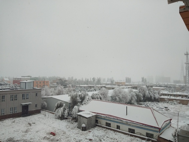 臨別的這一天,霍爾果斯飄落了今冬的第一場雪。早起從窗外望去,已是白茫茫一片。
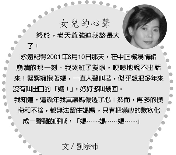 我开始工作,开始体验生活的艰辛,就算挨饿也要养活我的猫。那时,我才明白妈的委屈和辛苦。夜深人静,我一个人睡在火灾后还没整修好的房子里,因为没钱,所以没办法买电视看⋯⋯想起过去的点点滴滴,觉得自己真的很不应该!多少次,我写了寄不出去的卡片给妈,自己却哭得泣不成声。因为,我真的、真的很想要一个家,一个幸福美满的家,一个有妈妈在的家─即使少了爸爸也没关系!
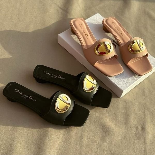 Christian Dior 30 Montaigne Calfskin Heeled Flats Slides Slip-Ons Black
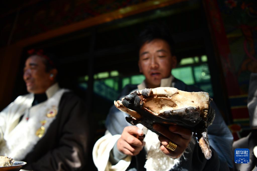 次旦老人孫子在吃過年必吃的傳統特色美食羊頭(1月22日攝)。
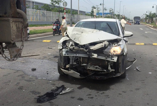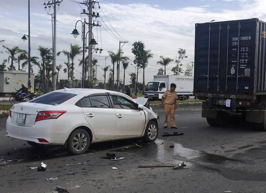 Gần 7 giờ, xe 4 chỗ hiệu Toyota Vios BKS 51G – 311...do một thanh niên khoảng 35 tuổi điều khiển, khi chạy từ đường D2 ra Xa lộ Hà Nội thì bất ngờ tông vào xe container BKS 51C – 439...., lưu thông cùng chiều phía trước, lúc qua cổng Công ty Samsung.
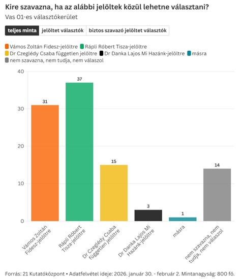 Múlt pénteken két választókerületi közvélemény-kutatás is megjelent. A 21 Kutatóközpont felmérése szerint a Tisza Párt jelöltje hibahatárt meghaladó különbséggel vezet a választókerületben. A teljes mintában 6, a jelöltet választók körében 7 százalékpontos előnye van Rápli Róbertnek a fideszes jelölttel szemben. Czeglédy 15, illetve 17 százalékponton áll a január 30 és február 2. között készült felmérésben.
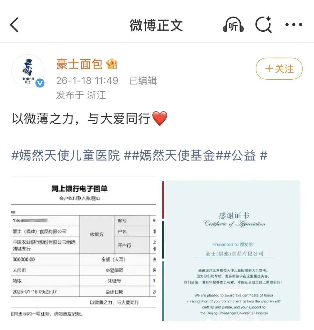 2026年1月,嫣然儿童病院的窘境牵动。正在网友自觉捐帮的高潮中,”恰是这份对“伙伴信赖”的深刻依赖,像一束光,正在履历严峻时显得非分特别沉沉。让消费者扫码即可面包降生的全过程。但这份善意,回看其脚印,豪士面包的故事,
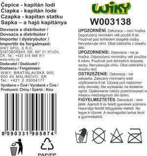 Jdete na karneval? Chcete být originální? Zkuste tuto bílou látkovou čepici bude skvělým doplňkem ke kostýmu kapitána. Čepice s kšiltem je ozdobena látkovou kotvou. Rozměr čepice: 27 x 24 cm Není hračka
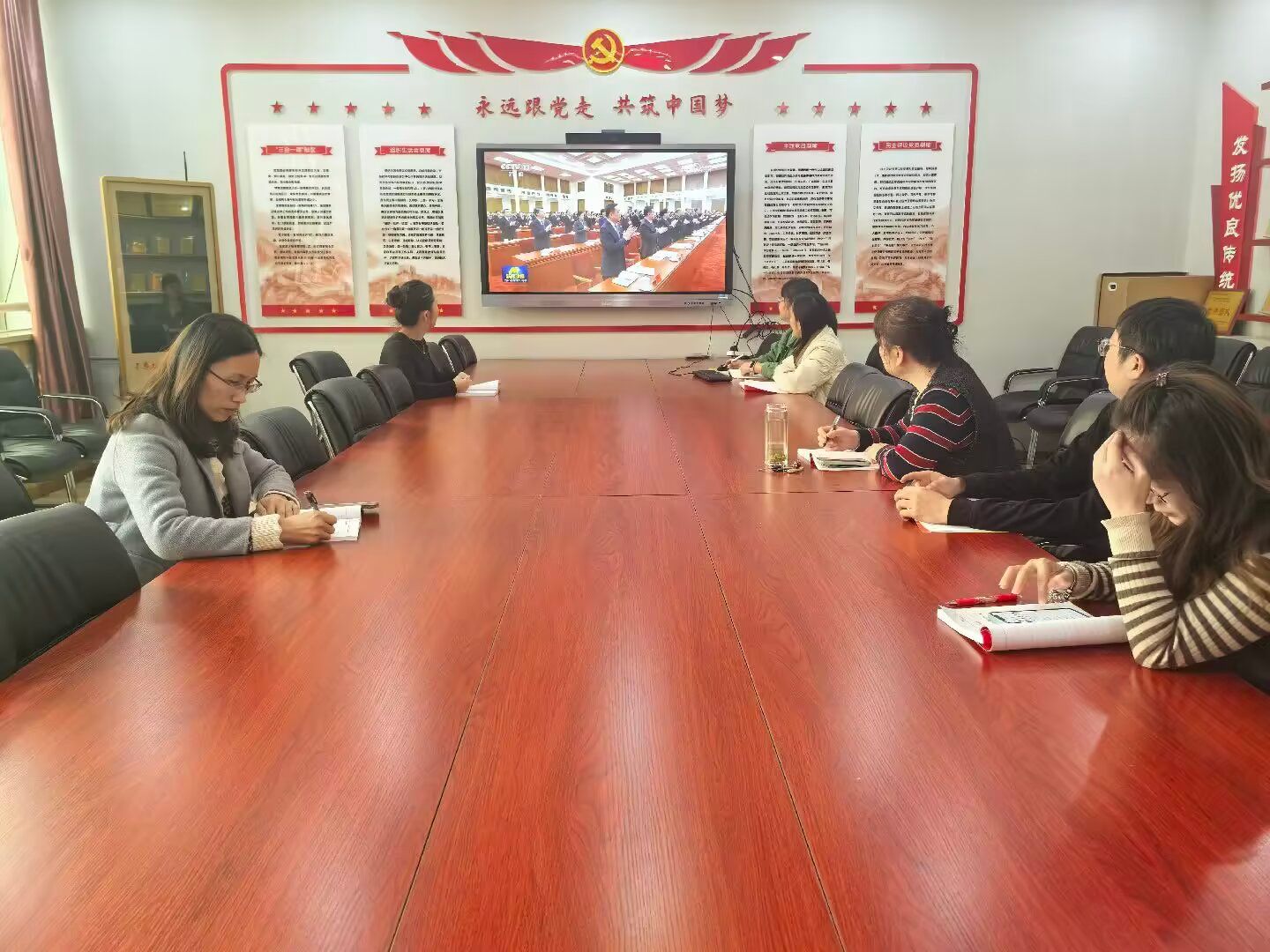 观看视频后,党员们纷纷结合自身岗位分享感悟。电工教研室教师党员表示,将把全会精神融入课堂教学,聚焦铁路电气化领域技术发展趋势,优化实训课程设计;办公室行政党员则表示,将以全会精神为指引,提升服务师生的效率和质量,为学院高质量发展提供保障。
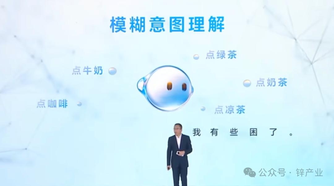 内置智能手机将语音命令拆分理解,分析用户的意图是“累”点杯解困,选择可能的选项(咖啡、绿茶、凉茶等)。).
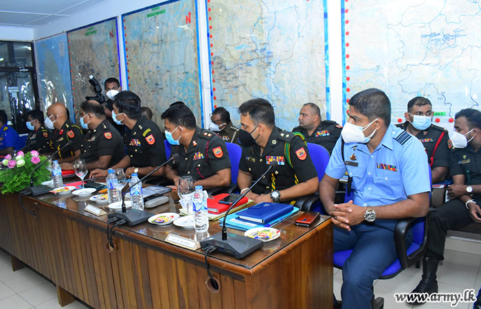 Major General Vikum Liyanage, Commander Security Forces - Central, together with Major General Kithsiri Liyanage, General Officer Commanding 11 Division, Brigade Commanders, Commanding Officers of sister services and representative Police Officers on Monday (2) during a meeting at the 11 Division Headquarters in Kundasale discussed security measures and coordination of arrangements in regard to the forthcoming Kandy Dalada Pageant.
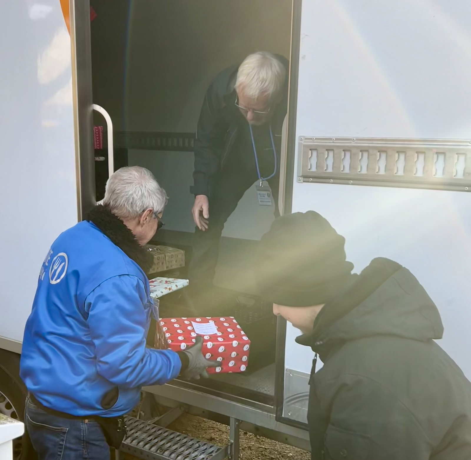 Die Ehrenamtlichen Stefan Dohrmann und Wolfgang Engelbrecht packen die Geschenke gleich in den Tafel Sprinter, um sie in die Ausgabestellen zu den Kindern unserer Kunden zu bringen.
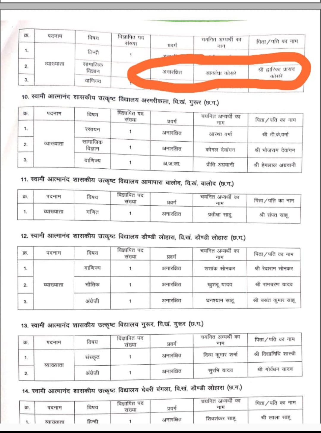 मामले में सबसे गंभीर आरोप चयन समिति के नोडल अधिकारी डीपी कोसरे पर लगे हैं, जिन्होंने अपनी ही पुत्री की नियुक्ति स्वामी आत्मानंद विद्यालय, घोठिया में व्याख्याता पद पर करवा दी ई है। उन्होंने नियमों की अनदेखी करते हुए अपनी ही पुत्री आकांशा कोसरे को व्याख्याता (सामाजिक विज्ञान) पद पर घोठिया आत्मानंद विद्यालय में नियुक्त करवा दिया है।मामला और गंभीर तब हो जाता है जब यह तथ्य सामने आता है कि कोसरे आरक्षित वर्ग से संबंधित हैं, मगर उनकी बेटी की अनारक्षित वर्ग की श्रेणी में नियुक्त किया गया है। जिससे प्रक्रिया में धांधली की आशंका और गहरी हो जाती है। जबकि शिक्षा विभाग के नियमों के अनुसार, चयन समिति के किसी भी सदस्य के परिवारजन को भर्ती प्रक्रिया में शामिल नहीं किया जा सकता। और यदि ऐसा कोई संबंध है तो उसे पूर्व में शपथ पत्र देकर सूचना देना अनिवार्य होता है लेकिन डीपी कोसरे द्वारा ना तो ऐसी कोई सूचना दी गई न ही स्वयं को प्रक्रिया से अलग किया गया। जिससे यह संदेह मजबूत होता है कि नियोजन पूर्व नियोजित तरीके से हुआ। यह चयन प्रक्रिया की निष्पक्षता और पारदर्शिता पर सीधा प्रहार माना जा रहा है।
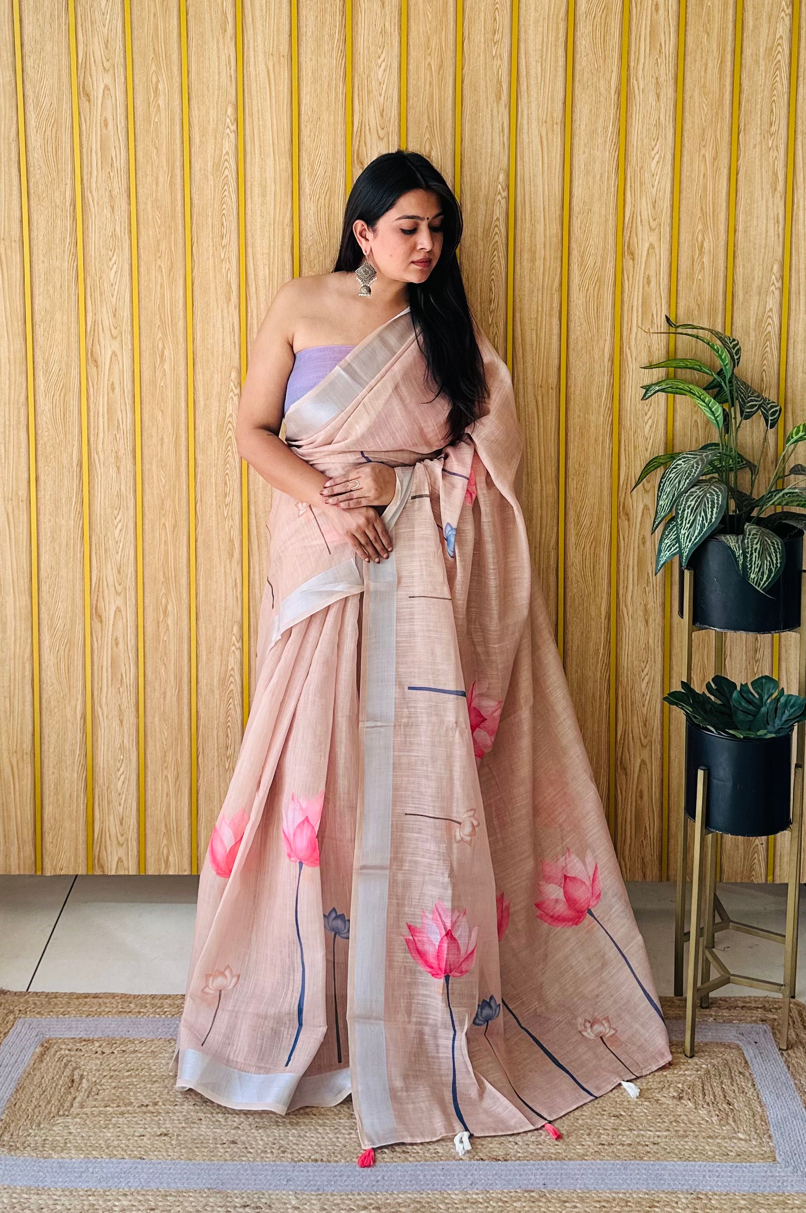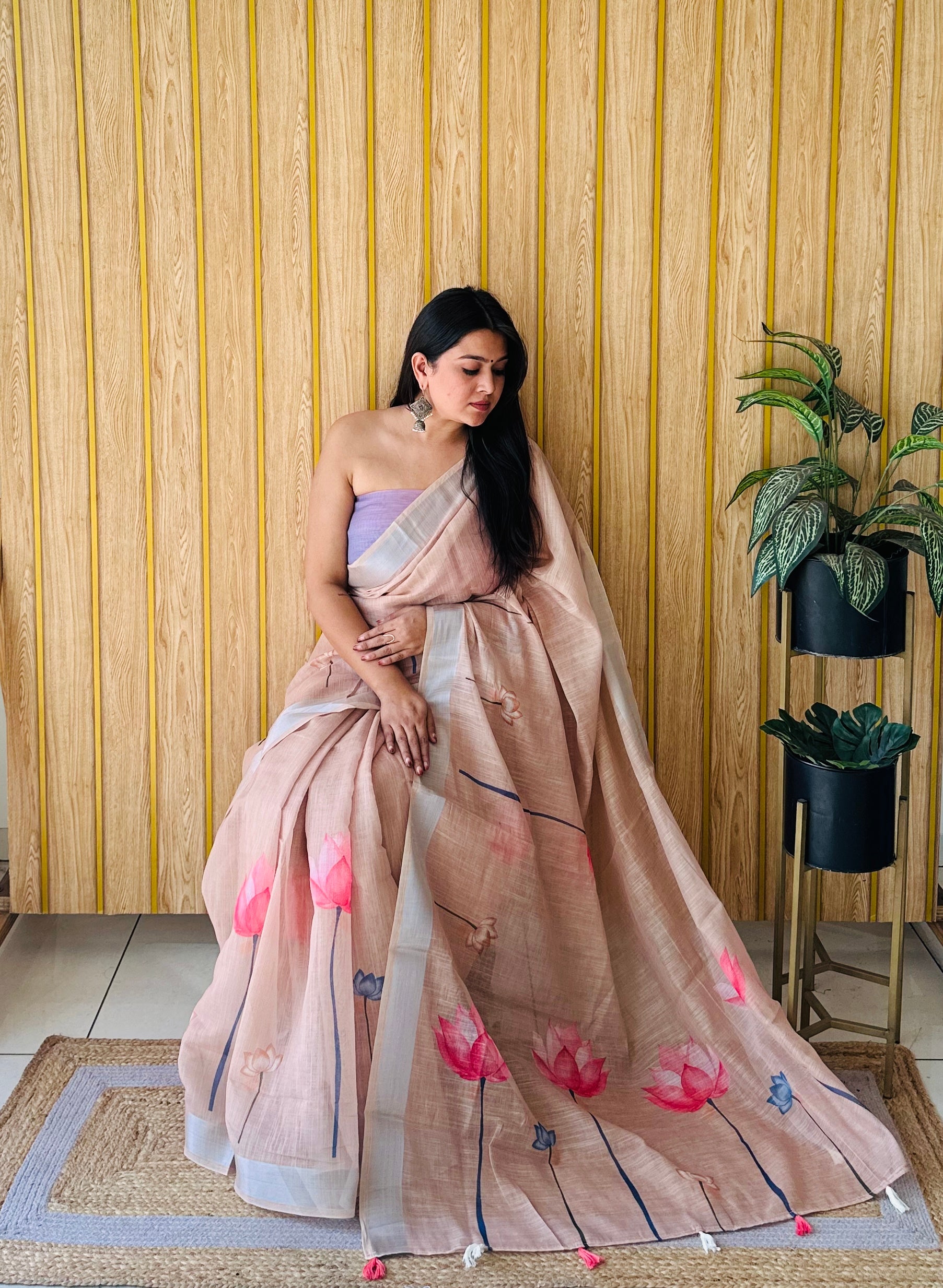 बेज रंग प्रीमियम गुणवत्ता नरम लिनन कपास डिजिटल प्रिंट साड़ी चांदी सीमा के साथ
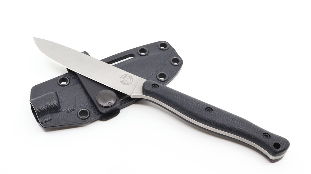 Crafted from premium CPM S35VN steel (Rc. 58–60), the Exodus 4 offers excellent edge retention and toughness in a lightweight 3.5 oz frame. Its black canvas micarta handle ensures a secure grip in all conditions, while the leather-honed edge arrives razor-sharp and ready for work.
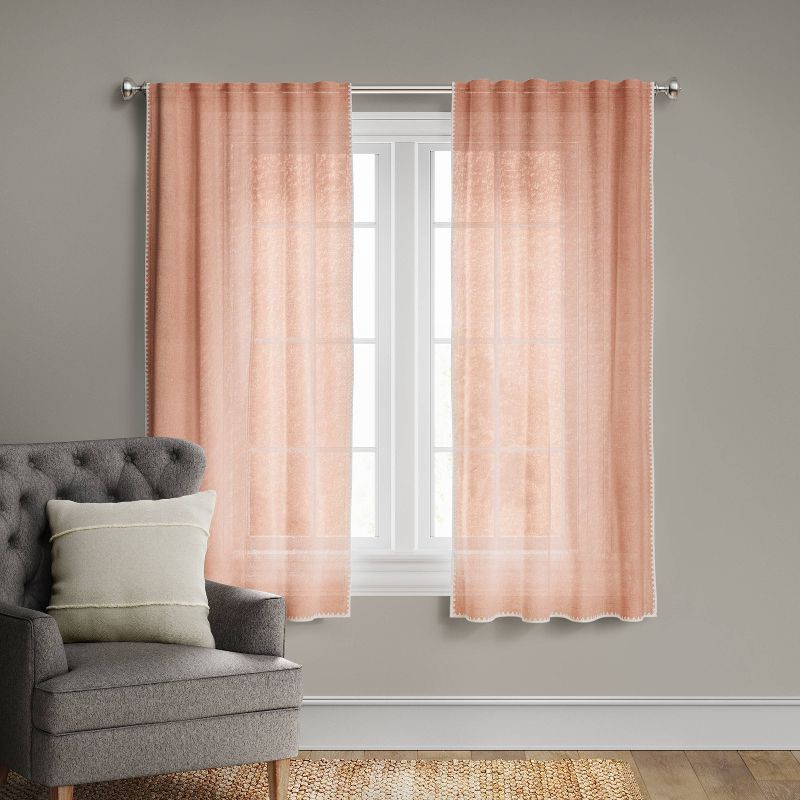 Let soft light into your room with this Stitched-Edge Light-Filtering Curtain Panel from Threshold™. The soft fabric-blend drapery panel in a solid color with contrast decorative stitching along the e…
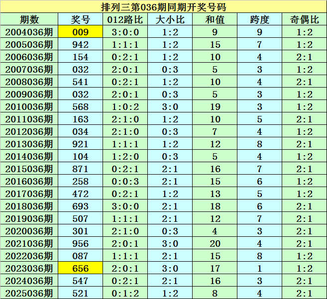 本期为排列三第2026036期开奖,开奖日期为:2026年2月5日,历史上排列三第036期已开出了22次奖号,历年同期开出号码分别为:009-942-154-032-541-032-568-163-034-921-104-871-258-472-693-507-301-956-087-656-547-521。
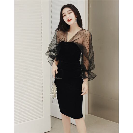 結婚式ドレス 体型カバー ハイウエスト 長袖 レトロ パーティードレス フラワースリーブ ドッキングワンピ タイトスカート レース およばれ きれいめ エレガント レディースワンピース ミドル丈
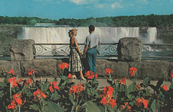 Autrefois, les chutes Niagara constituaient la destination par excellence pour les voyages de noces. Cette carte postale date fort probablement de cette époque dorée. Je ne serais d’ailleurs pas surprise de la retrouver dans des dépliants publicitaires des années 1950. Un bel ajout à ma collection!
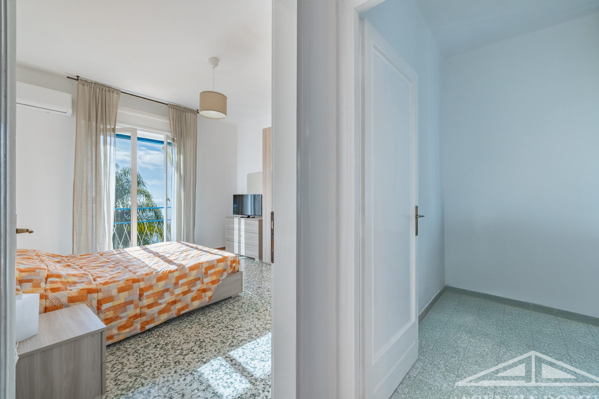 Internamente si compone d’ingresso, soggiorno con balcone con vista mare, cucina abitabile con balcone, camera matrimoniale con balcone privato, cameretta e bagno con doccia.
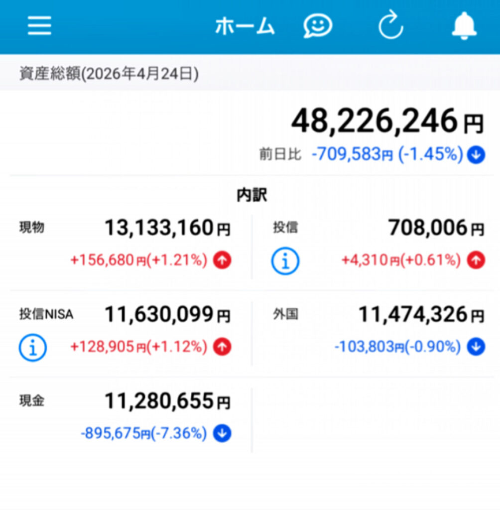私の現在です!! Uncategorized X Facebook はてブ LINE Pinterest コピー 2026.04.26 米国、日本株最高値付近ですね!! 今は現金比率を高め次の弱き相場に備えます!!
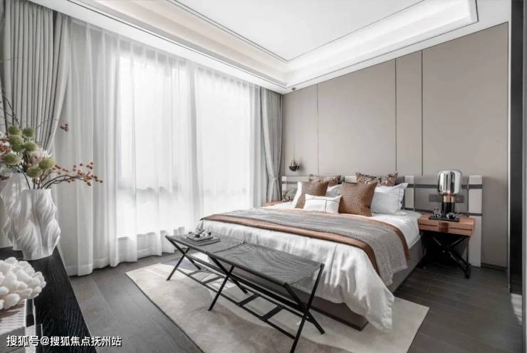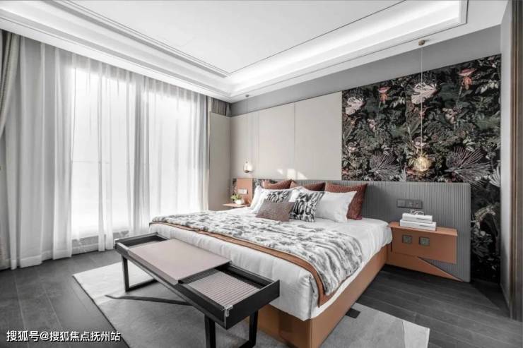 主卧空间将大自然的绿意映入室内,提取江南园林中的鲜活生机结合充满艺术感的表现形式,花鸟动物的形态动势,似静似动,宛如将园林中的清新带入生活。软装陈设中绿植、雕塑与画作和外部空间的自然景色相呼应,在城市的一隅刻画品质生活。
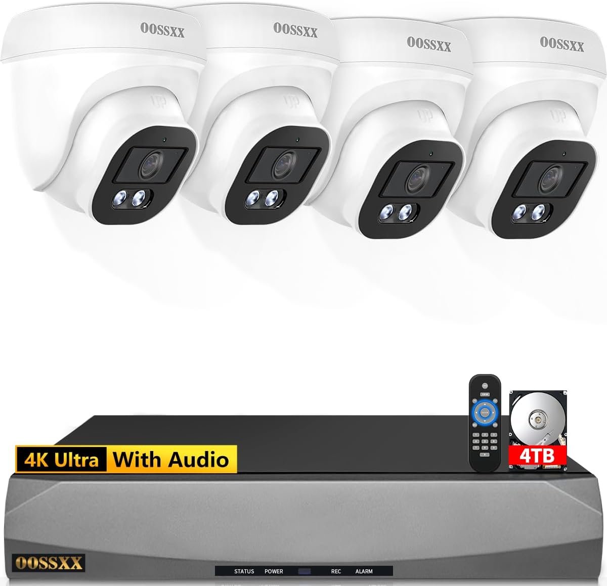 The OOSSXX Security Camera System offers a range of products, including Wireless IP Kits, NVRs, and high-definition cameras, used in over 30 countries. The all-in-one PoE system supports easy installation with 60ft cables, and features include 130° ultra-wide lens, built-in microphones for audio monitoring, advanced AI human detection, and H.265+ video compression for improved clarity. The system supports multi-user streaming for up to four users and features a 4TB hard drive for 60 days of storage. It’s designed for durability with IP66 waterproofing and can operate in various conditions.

──────

[Exercise directions]: Leave out any pictures, please, and quote only the lines from the top of the data through the line that contains "Múlt pénteken két".

[Response area]:
 臨別的這一天,霍爾果斯飄落了今冬的第一場雪。早起從窗外望去,已是白茫茫一片。
 我开始工作,开始体验生活的艰辛,就算挨饿也要养活我的猫。那时,我才明白妈的委屈和辛苦。夜深人静,我一个人睡在火灾后还没整修好的房子里,因为没钱,所以没办法买电视看⋯⋯想起过去的点点滴滴,觉得自己真的很不应该!多少次,我写了寄不出去的卡片给妈,自己却哭得泣不成声。因为,我真的、真的很想要一个家,一个幸福美满的家,一个有妈妈在的家─即使少了爸爸也没关系!
 Christian Dior 30 Montaigne Calfskin Heeled Flats Slides Slip-Ons Black
 次旦老人孫子在吃過年必吃的傳統特色美食羊頭(1月22日攝)。
 Gần 7 giờ, xe 4 chỗ hiệu Toyota Vios BKS 51G – 311...do một thanh niên khoảng 35 tuổi điều khiển, khi chạy từ đường D2 ra Xa lộ Hà Nội thì bất ngờ tông vào xe container BKS 51C – 439...., lưu thông cùng chiều phía trước, lúc qua cổng Công ty Samsung.
 Múlt pénteken két választókerületi közvélemény-kutatás is megjelent. A 21 Kutatóközpont felmérése szerint a Tisza Párt jelöltje hibahatárt meghaladó különbséggel vezet a választókerületben. A teljes mintában 6, a jelöltet választók körében 7 százalékpontos előnye van Rápli Róbertnek a fideszes jelölttel szemben. Czeglédy 15, illetve 17 százalékponton áll a január 30 és február 2. között készült felmérésben.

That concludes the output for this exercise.